# Creek carpin



## catchemall88 (Mar 22, 2014)

Got out on a local flow from 12-3 today with the 5wt tossing a number 8 epoxy minnow and a number 12 stonefly nymph. Two carp, along with a handful of chubs, green sunfish, and one lmb.


----------



## garhtr (Jan 12, 2009)

Excellent ! Most of my carp fishing is also done in some pretty small waters, it's always a challenge I enjoy. Sounds like a ''Nice Mixed Bag'' of fish.
Good Luck and Good Fishing


----------



## catchemall88 (Mar 22, 2014)

garhtr said:


> Excellent ! Most of my carp fishing is also done in some pretty small waters, it's always a challenge I enjoy. Sounds like a ''Nice Mixed Bag'' of fish.
> 
> Good Luck and Good Fishing



I appreciate the feedback and I can't stay away from them right now.

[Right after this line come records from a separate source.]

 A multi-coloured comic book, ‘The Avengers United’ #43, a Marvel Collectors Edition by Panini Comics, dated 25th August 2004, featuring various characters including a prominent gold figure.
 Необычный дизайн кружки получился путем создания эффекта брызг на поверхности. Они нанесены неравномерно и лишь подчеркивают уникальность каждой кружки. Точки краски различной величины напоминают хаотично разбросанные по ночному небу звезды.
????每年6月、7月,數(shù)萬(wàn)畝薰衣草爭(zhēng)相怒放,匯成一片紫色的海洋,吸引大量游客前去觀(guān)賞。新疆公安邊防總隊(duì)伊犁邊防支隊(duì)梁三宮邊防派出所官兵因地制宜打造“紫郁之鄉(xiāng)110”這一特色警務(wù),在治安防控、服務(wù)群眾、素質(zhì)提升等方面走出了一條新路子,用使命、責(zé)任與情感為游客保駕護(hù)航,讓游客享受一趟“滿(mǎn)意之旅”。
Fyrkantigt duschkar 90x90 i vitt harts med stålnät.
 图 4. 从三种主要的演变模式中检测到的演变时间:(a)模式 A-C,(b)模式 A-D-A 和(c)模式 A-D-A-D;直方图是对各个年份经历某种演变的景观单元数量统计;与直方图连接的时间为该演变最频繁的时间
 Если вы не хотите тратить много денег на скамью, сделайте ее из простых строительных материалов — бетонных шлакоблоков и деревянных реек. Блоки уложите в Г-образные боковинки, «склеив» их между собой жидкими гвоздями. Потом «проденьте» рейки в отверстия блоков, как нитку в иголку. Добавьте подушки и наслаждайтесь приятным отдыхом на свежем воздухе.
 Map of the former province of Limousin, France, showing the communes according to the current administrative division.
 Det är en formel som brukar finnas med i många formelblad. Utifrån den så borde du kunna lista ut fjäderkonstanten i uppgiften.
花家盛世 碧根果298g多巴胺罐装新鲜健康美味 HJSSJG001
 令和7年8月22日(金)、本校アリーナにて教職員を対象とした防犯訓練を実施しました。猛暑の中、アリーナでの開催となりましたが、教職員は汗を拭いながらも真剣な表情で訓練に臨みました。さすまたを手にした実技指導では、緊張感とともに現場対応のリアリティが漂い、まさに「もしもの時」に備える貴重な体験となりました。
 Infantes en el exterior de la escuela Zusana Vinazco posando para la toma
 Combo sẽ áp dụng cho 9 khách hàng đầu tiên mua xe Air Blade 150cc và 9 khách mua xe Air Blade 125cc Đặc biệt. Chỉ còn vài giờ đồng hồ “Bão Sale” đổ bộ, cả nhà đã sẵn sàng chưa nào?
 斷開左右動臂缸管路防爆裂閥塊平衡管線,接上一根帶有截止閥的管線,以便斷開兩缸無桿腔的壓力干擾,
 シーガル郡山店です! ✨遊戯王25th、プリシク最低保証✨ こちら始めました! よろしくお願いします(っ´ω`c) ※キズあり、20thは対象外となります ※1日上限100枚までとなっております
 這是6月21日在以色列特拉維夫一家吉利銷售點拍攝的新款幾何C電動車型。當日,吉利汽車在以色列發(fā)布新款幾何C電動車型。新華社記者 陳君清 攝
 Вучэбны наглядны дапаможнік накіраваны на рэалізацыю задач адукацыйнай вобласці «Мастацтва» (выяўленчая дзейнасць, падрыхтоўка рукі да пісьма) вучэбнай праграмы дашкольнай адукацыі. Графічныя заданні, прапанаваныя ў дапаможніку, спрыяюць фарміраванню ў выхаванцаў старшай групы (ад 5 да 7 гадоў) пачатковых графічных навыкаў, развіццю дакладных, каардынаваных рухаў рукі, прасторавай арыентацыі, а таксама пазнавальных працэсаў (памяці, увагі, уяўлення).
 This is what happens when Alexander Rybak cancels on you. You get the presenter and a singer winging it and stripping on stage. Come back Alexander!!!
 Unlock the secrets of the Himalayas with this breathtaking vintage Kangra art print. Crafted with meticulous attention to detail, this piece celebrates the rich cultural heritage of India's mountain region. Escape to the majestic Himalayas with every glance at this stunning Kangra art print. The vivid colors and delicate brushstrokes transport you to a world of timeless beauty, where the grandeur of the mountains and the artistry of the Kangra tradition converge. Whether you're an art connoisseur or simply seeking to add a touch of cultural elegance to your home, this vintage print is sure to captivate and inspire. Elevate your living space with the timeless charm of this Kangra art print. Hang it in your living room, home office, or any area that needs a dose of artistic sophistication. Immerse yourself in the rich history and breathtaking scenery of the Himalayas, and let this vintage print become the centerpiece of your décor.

This bad boy took me for quite the run up and down the creek.


----------



## TheCream (Mar 19, 2009)

catchemall88 said:


> I appreciate the feedback and I can't stay away from them right now.
> 
> 
> 
> ...


Did you get a measurement on that one? Looks like a long fish!

Carp are an addiction, and it looks like you're on the fast track to attending meetings.


----------



## catchemall88 (Mar 22, 2014)

TheCream said:


> Did you get a measurement on that one? Looks like a long fish!
> 
> 
> 
> Carp are an addiction, and it looks like you're on the fast track to attending meetings.



Like a bonehead I didn't bring a measuring tape or scale, but will for future catches. I'm already past the 1st step of addiction, which is denial.


----------



## flyman01 (Jan 23, 2013)

catchemall88 said:


> Like a bonehead I didn't bring a measuring tape or scale, but will for future catches. I'm already past the 1st step of addiction, which is denial.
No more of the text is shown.